Herb Anderson, niczym zwierzę w klatce, chodził tam i z powrotem po pokoju Catherine.
– Cholerna dziewczyna. Połamię jej wszystkie kości, jeśli w tej chwili nie jest z Forresterem i nie odbiera pieniędzy! – Kopnął ze złością otwartą szufladę, w której nie znajdowało się nic poza gazetą wyściełającą jej dno. Kopnięcie pozostawiło czarny ślad obok tego, który już przedtem zrobił.
Ada wyjąkała drżącym głosem:
– Jjjak… my – myślisz, Herb, dokąd ona poszła?
– A skąd, do diabła, mam wiedzieć? – ryknął. – Nigdy mi nie mówi, dokąd chodzi. Gdyby to robiła, to nie dałaby sobie zrobić dzieciaka, bo najpierw bym się upewnił, że wie coś o swoim kochasiu!
– Może… może ją oszukał.
– Oczywiście, że ją oszukał, a na dowód tego nosi w brzuchu jego bękarta! – Idąc do telefonu, odepchnął Adę brutalnie na bok, kontynuując swoją tyradę, gdy wykręcał numer. – Cholerna dziewczyna! Nie ma nawet tyle rozumu co kura, jeśli w tej chwili nie jest z Forresterem. Nie będzie wiedzieć, kiedy jej statek zawinie do portu; nawet wtedy, kiedy ją przepołowi! Ci Forresterowie to mój bilet do lepszego świata, do diabła! Mój bilet!
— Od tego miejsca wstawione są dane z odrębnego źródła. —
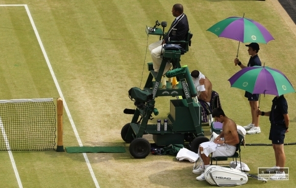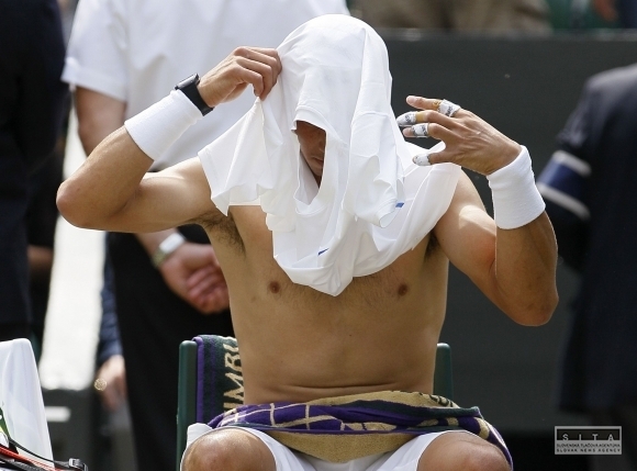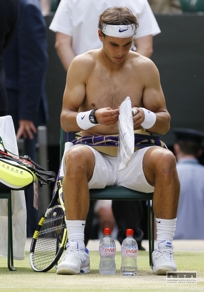 Španielsky tenista Rafael Nadal si vymieňa tričko počas finále dvojhry mužov na treťom grandslamovom turnaji tenisovej sezóny Wimbledone v Londýne (20. júna - 3. júla, celková dotácia 14,6 milióna libier, tráva) v súboji s Novakom Djokovičom zo Srbska. Foto: SITA/AP
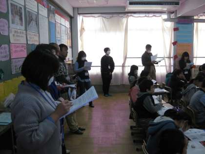 研究発表会の指導助言には,前校長の山下先生をはじめ,京都市教育委員会から,総合育成支援課の和久田専門主事,総合教育センター指導室から 林 指導主事,鈴木指導主事においでいただき,ご指導・ご助言をいただきました。誠にありがとうございました。
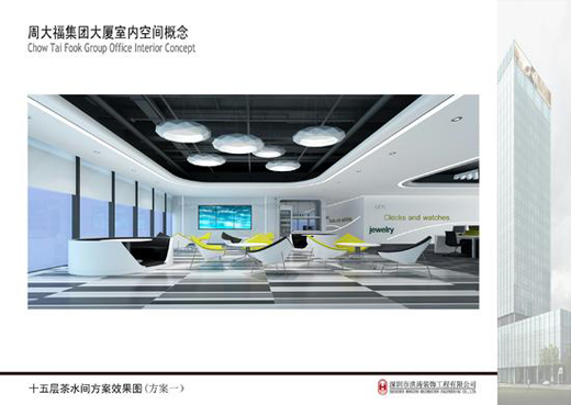 整个设计体现以人为本。在空间塑造上,注重室内与室外周边环境的交融,注重装饰造型语言的统一与延续,强调空间大体块的穿插组合,使空间更加整体大气,符合国际化装饰潮流,营造现代化办公空间氛围。在室内设计的装饰元素上,我们结合现代、简约的建筑外观设计,融入周大福相关产品的特征,提炼出装饰元素进行组合,将其运用到室内的天花、墙面、地面、灯具上使室内各个空间形成内在联系,加强了室内设计的主题概念性,营造出周大福企业文化的精髓——真诚,永恒。
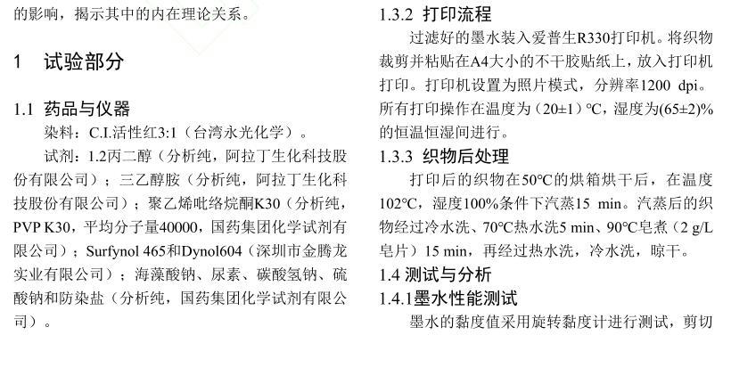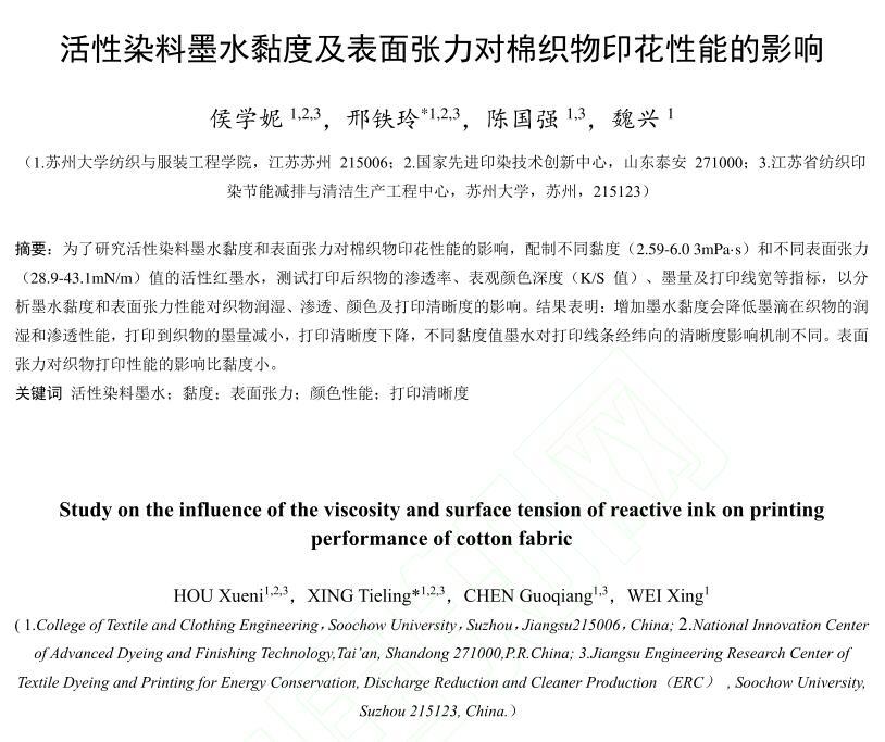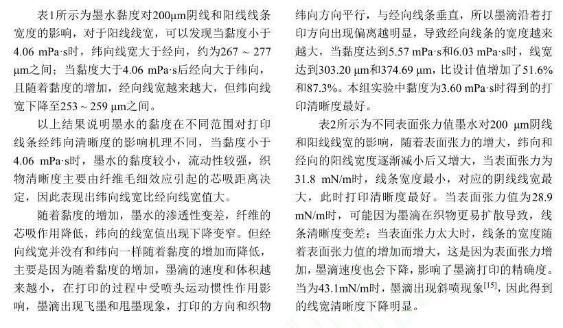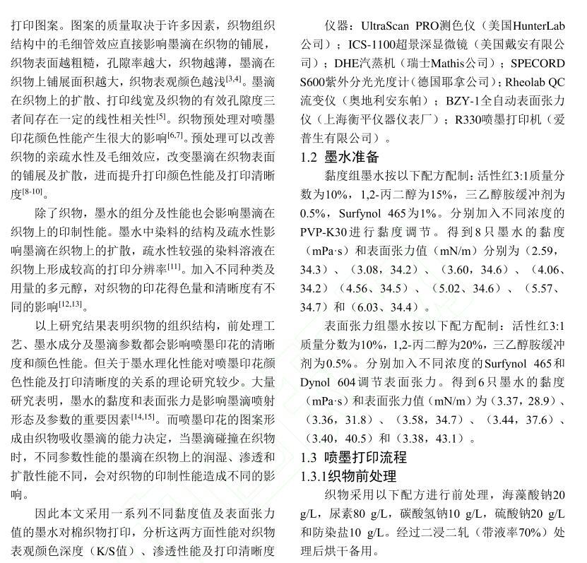 活性染料墨水黏度及表面張力對(duì)棉織物印花性能的影響
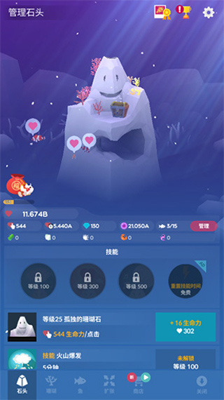 在深海水族館中最常見(jiàn)的新人問(wèn)題就是:先升石頭還是先升珊瑚還是先買(mǎi)魚(yú)?先加什么技能?先要知道,石頭每25級(jí)可以獲得點(diǎn)擊生命產(chǎn)量的翻倍獎(jiǎng)勵(lì)。造一條魚(yú)可以讓點(diǎn)擊和放置的產(chǎn)量都翻倍。
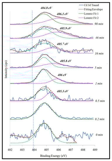 In addition, the intensity of Cd 3d peaks was observed to decrease from 3364 to 2000 cps as the QDs size increases. This may be due to the increases in electron concentration that leave the CdSe Mn-doped QDs solid samples after been irradiated by X-ray as the size of QDs became smaller. The smaller QDs have a larger surface area thus, larger sample area is exposed to the x-ray, resulting in a higher concentration of electron emitted from the QDs surface []. A great drop in peak intensity was observed for the 0 to 46 min samples and became stable in the final stages (46 min and 90 min). The influence of QDs size on the peak intensity was less pronounced as the size became larger than 12 nm.
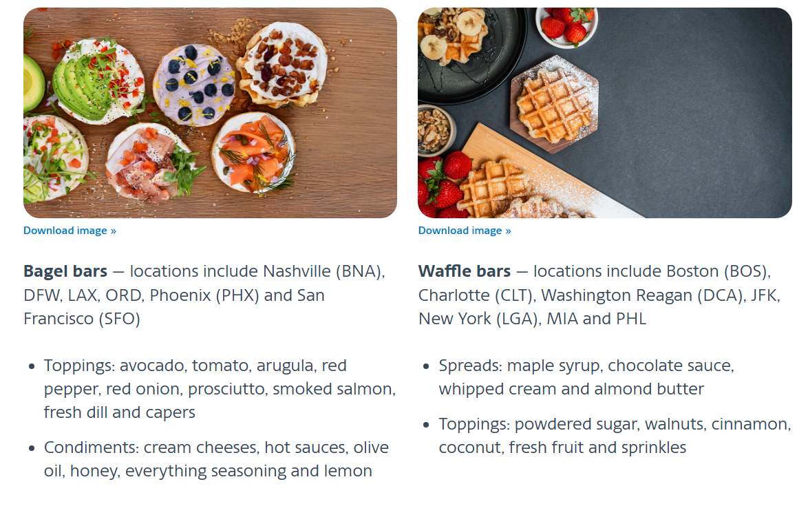I’m actually most interested in the changes in Admirals Clubs. It seems like they’re taking the existing avocado toast option and substituting bagels for the toast, more or less. Still, depending on the execution this could be excellent. I bet the tomatoes and onions will be sliced too thinly!

Niech ją licho porwie, jeśli uciekła i…
Dokładnie w tym momencie Clay odebrał dzwoniący telefon i usłyszał w słuchawce ryk Andersona:
– Gdzie, do diabła, jest moja córka, kochasiu?! – Forresterowie nie słyszeli rozmówcy, ale domyślili się, kto i co mówi.
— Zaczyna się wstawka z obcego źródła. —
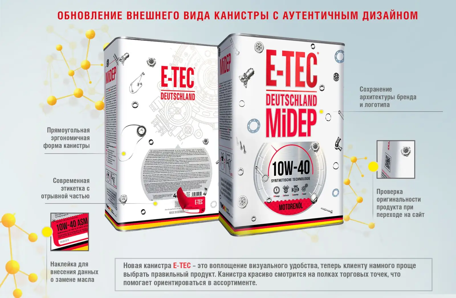Изменился дизайн 1 и 4 литровых металлических канистр моторных и трансмиссионных масел Е-ТЕС. Канистра бренда Е-ТЕС – воплощенная идея комфортного и понятного выбора продукции. На новых канистрах дополнительным элементом стала этикетка, выполненная в виде спидометра с информацией о продукции. Предусмотрена отрывная этикетка-трансформер, которая является подкапотным информационным стикером при замене масла. Нововведения призваны сделать информацию о продуктах более наглядной и облегчить автовладельцам правильный подбор масла.
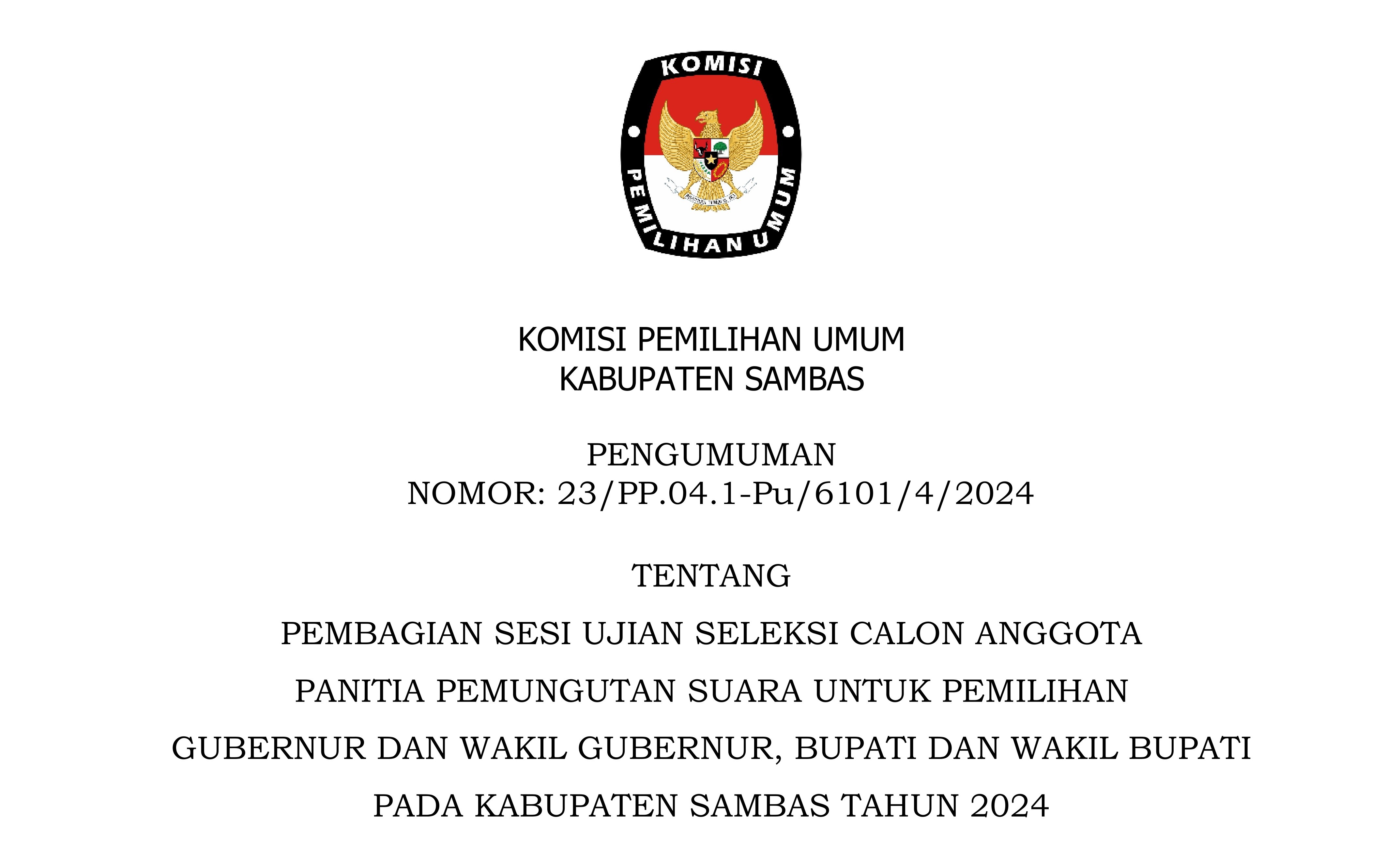 PENGUMUMAN PEMBAGIAN SESI UJIAN SELEKSI CALON ANGGOTA PPS UNTUK PEMILIHAN GUBERNUR DAN WAKIL GUBERNUR, BUPATI DAN WAKIL BUPATI PADA KABUPATEN SAMBAS TAHUN 2024
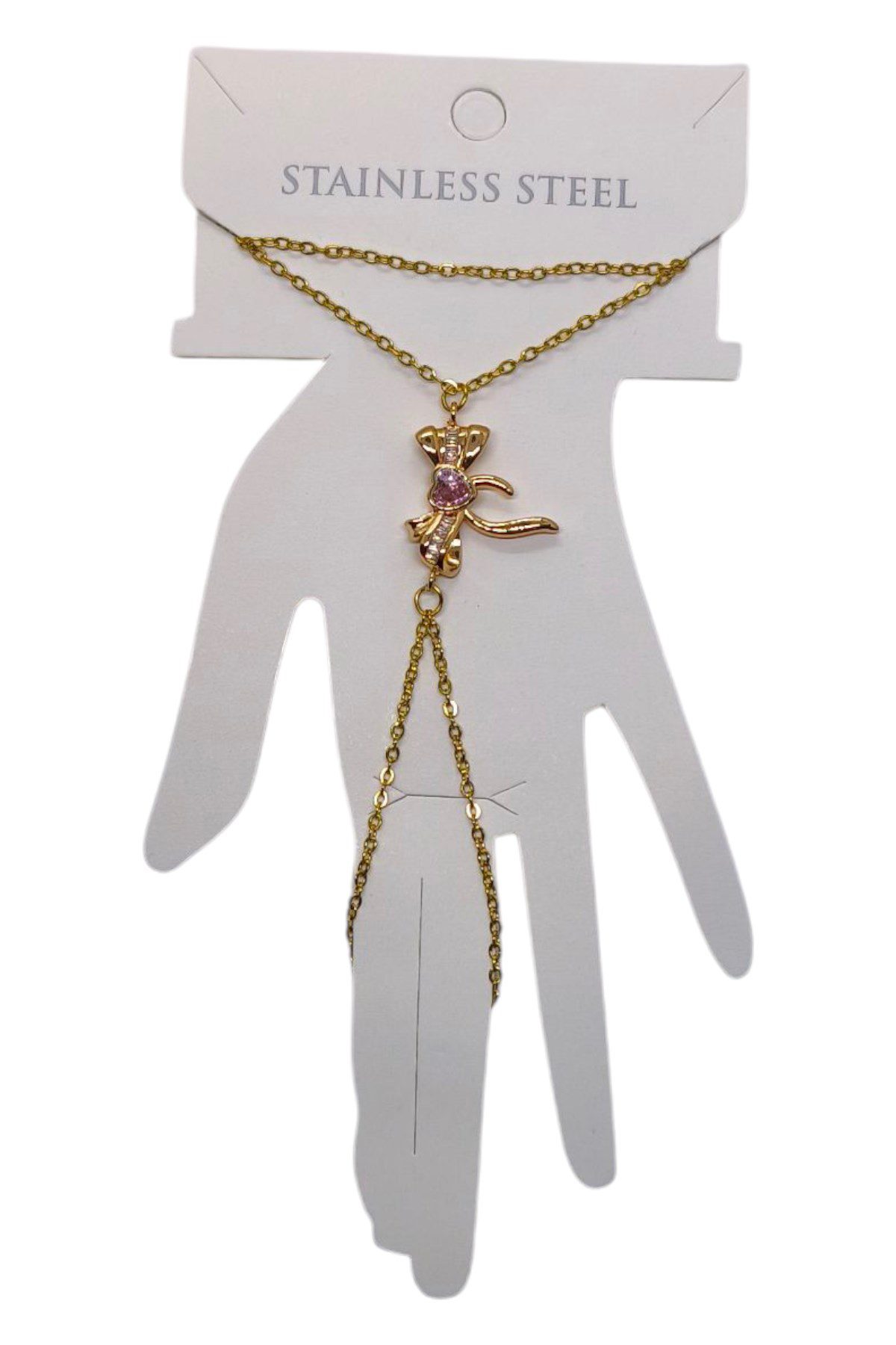 Toptan Altın Renk Pembe Taş Fiyonk Çelik Şahmeran – 3549

– Nie ma jej tutaj. – Pomiędzy odpowiedziami Claya następowały długie przerwy. – Nie wiem… Nie widziałem się z nią, od chwili kiedy zostawiłem ją przed domem wczoraj wieczorem… Niech pan mnie posłucha, panie Anderson! Powiedziałem Catherine, że pieniądze dam jej z przyjemnością ona jednak odmówiła. Nie wiem, czego więcej się pan po mnie spodziewa… To, co pan robi, jest nękaniem i jest karalne!…Chcę porozmawiać z pańską córką, nie mam jednak zamiaru układać się z takim oszustem jak pan. Powtórzę to jeszcze raz, niech nas pan zostawi w spokoju, Anderson! Będę przyjmować telefony jedynie od pańskiej córki, i tylko ona otrzyma ode mnie pomoc finansową. Co się zaś tyczy pana, nie powiedziałbym panu, jak dojść do kolejki po darmową zupę, nawet gdyby umierał pan z głodu! Czy wyrażam się jasno?… Świetnie! Niech ich pan przyprowadzi! Nie ma jej w tym domu! Gdyby tu była, poprosiłbym ją do telefonu… Tak, pańska troska jest bardzo wzruszająca… Nie mam pojęcia…
Nastąpiła dłuższa przerwa, w czasie której Clay odsunął słuchawkę od ucha, z której dobiegał przytłumiony, gniewny głos Herba Andersona. Kiedy Clay zakończył rozmowę, był w równym stopniu zły i zmartwiony.
– Cóż, wygląda na to, że zniknęła – powiedział, opadając na krzesło przy biurku ojca.
– Takie właśnie odniosłem wrażenie – odparł szczerze zmartwiony Claiborne.
– Ten człowiek to szaleniec.
– Zgadzam się. Nie poprzestanie na obraźliwym telefonie. Czy podzielasz moją opinię?
– Skąd mam wiedzieć? – Clay znowu podskoczył, przeszedł przez pokój i zatrzymał się, wzdychając.
– W czasie tej rozmowy Anderson zagroził nam co najmniej czterema czynami karalnymi.
– Czy wiesz, dokąd ta dziewczyna uciekła? – zapytał jego ojciec.
– Niestety. Wszystko, co mi powiedziała, to że ma pewne plany. Nie miałem pojęcia, że zamierza tak szybko zniknąć.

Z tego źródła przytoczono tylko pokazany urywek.